Serie A, modificati i coefficienti di distribuzione dei diritti tv

Serie A, modificati i coefficienti di distribuzione dei diritti tv

Raddoppia il paracadute per le retrocesse. Ridefiniti inoltre i coefficienti per le prime dieci formazioni del campionato e per le altre sette.

È stato trovato l’accordo per la ripartizione dei diritti tv del massimo campionato. I punti centrali dell’intesa sono l’aumento del paracadute per le retrocesse e una più equa distribuzione dei profitti, sempre più legati alla posizione in classifica.

Fanno discutere i 60 milioni di paracadute destinati alle formazioni che retrocederanno nel campionato cadetto. Contrario il presidente della Lega B Abodi, che ha evidenziato quanto l’aumento esponenziale dei compensi per le retrocesse possa influenzare gli equilibri della Serie B.

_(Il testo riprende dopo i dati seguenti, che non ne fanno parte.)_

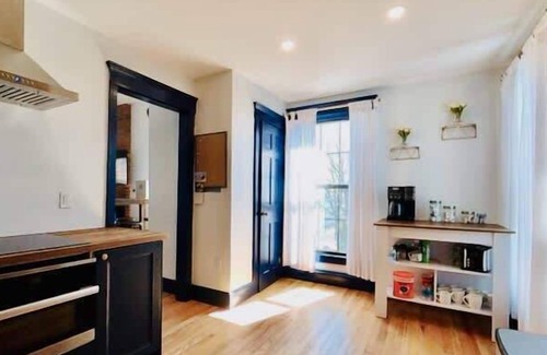 This spacious, two-level unit features rich navy accents, original brick walls, skylights, and wood-beamed ceilings that highlight its historic charm. Spanning the left side of the second floor and the entire third floor, it offers plenty of space for groups or families. Central AC throughout provides comfortable temps throughout.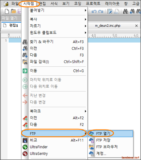 이번에는 다시 [시작점] => [FTP] => [FTP 열기]를 선택합니다.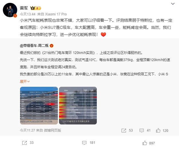 针对外界关于小米SU7能耗表现弱于特斯拉的疑问,雷军也给出了积极且详尽的回应。他表示,小米SU7作为一款C级车,拥有更大的车身尺寸和更高的配置,这自然导致车辆重量增加,进而使得能耗相对较高。雷军坦言:“SU7是C级车配置高,车会重一些,能耗肯定会高。”但他同时强调,小米汽车并不会因此满足,而是会继续向特斯拉等优秀企业学习,不断优化自身的能耗表现。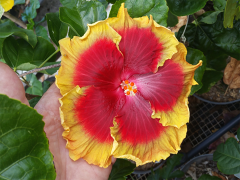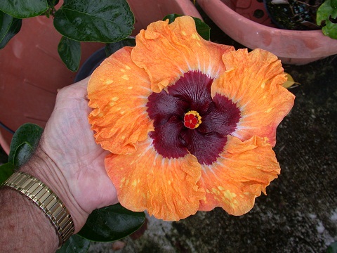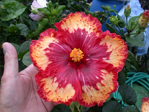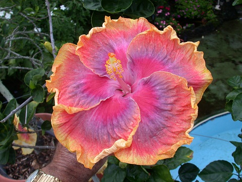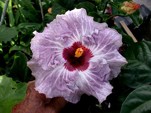 Hi friends and fellow hibiscus enthusiasts: Permit me to introduce myself. My name is Richard Johnson, Dick to friends. In my retirement years I have zeroed in on what I love best, i.e., hybridizing tropical hibiscus. It only requires, time, soil, water, and sunshine to derive great personal reward by producing flowers that would have never existed before. There is a great satisfaction in getting up in the morning to find a world premiere, first ever bloom that you in cooperation with mother nature have created. I do this simply for my personal pleasure as a glorified hobby. As I live in Tahiti, a definite paradise on earth in many ways, and as my flowers are produced here, I have named this endeavor and website Hibiscus Of Tahiti. I grow the vast majority of the parents plants and seedlings on the roof of my home, since I have very little land area around my house. Most of my hybrids begin with the prefix Tahitian and they have become renown around the world. A number of them are world class flowers that have won many awards. For example -Tahitian Princess, Tahitian Purple Splendor, which happen to be a couple that have won the prestigious title of Hibiscus Of the Year with the International Hibiscus Society. | |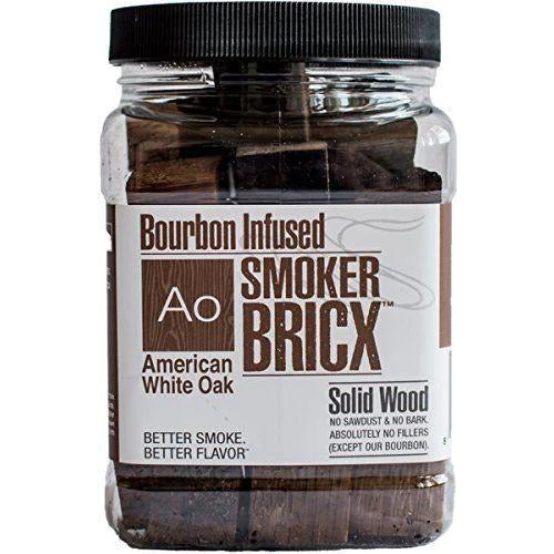 Smoker Bricx Bourbon Infused American Oak BBQ Smoking Chunks 32oz. This is a classic smoke wood. Pairs well with just about any meat, fish or fowl, imparting a medium smoky flavor that is stronger than our apple and black cherry, but lighter than hickory. Medium classic smoke, pairs with meat, fish or fowl. Good choice for larger cuts of meat with long smoker times. Cut to size, moisture controlled and infused with bourbon. No bark, no sawdust, and no fillers. Packed wet, packed fresh. There’s more aroma, better flavor, and great smoke.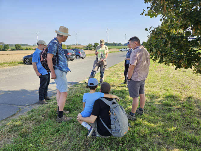 Unter dem Motto „Fantastische Feldhamster und wo sie zu finden sind“ haben wir uns am 16. August 2025 zu einer Exkursion rund um den Feldhamster aufgemacht. Unter Leitung von Gebietsbetreuer Manfred Sattler ging es auf die Stoppeläcker der Gemarkungen Maintal.
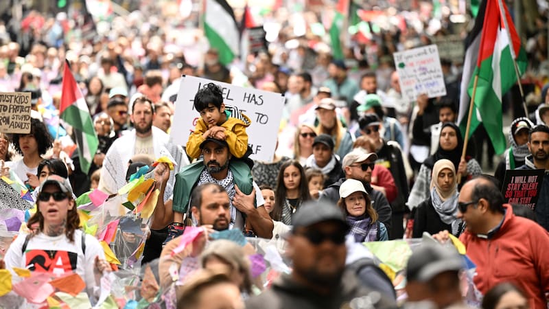En Sídney, miles de manifestantes propalestinos se reunieron antes del aniversario del 7 de octubre, coreando y ondeando banderas libanesas y palestinas ante una fuerte presencia policial.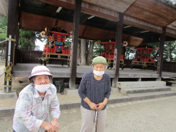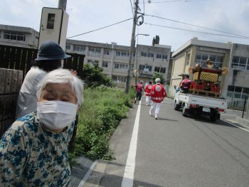 お祭り当日の朝には、町内を周る際にゆうゆう新市の前で休憩され、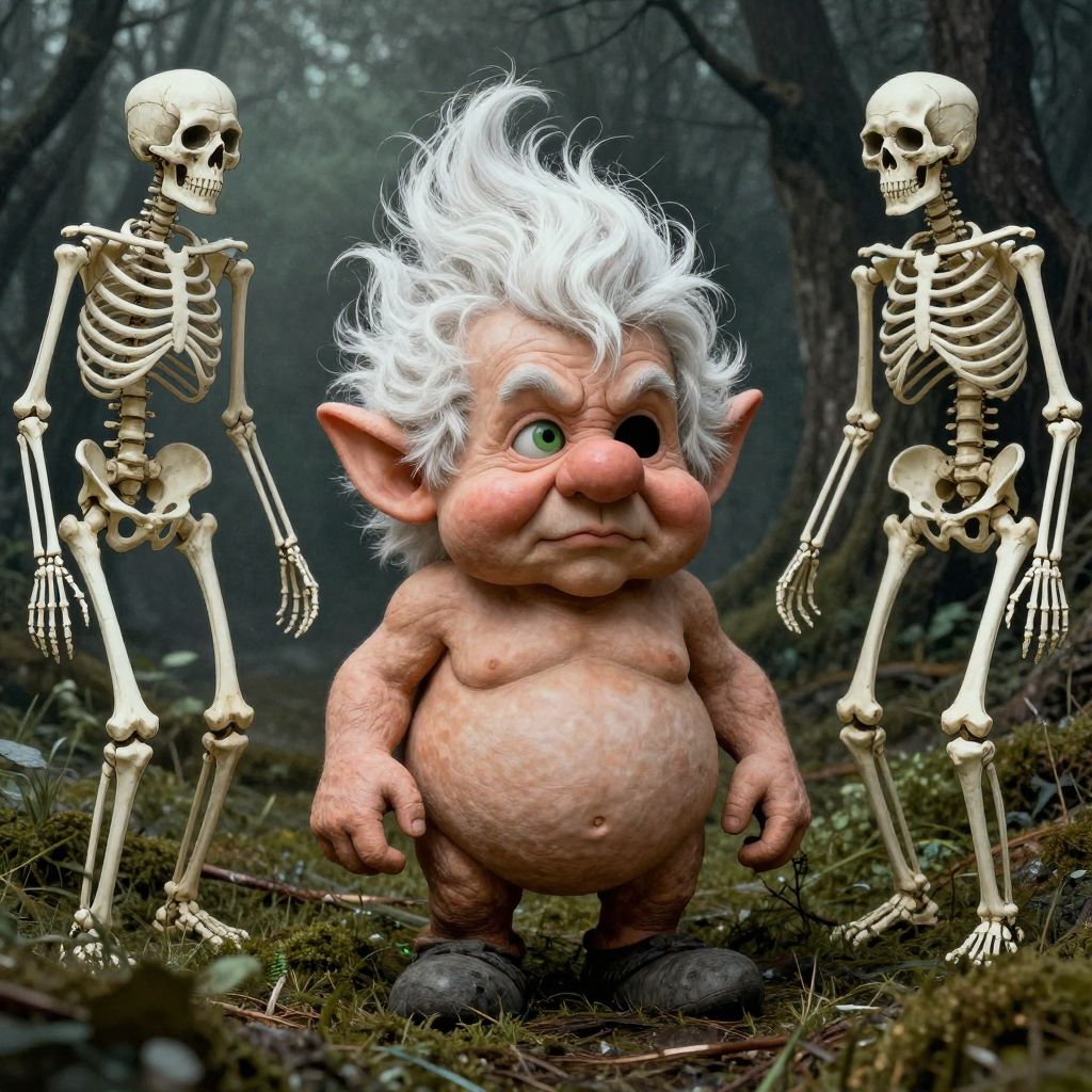 Photorealistic CGI image of a chubby, nude, old-man-like goblin with large green eyes, white wild hair, and pointed ears, standing in a foggy forest. He has a slightly protruding belly and small, dark feet. Flanking him are two detailed, humanoid skeleton figures with white bones and hollow eye sockets, standing on either side. The ground is covered in moss and small plants. The goblin's expression is curious, with a slight smile. The background is dark and misty, with tall, shadowy trees. The image combines fantasy and realism, highlighting the goblin's cartoonish features against the eerie, natural setting.

Emerge inoltre un altro interessante dato legato alla ridefinizione dei coefficienti per le prime dieci formazioni del campionato e per le altre sette. Le squadre che raggiungeranno la colonnina di sinistra della classifica avranno infatti ancor più introiti rispetto alle altre. L’obiettivo stagionale del Bologna diventa quindi quello di confermare l’attuale posizione in classifica. I diritti tv danno nuove ambizioni ai rossoblù, che se dovessero mantenere il nono posto avrebbero più introiti a disposizione per il mercato estivo.